Enzymes of the class I lyase-like family catalyze the asymmetric addition of ammonia to arylacrylates, yielding high value amino acids as products. Recent examples include the use of phenylalanine ammonia lyases (PALs), either alone or as a gateway to deracemization cascades (giving (S)- or (R)-α-phenylalanine derivatives, respectively), and also eukaryotic phenylalanine aminomutases (PAMs) for the synthesis of the (R)-β-products. Herein, we present the investigation of another family member, EncP from Streptomyces maritimus, thereby expanding the biocatalytic toolbox and enabling the production of the missing (S)-β-isomer. EncP was found to convert a range of arylacrylates to a mixture of (S)-α- and (S)-β-arylalanines, with regioselectivity correlating to the strength of electron-withdrawing/-donating groups on the ring of each substrate. The low regioselectivity of the wild-type enzyme was addressed via structure-based rational design to generate three variants with altered preference for either α- or β-products. By examining various biocatalyst/substrate combinations, it was demonstrated that the amination pattern of the reaction could be tuned to achieve selectivities between 99:1 and 1:99 for β:α-product ratios as desired.

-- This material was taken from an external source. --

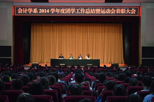 5月20日,会计学系2014年度团学工作总结暨运动会表彰大会在学术报告厅召开。学院副院长兼会计学系党总支书记杨培权,系党总支副书记刘海娟,系主任助理邢志彬,系团总支书记晋如意参加本次表彰大会。大会由晋如意老师主持。

Synthesis of D- and L-Phenylalanine Derivatives by Phenylalanine Ammonia Lyases: A Multienzymatic Cascade Process

The synthesis of substituted D-phenylalanines in high yield and excellent optical purity, starting from inexpensive cinnamic acids, has been achieved with a novel one-pot approach by coupling phenylalanine ammonia lyase (PAL) amination with a chemoenzymatic deracemization (based on stereoselective oxidation and nonselective reduction). A simple high-throughput solid-phase screening method has also been developed to identify PALs with higher rates of formation of non-natural D-phenylalanines. The best variants were exploited in the chemoenzymatic cascade, thus increasing the yield and ee value of the D-configured product. Furthermore, the system was extended to the preparation of those L-phenylalanines which are obtained with a low ee value using PAL amination.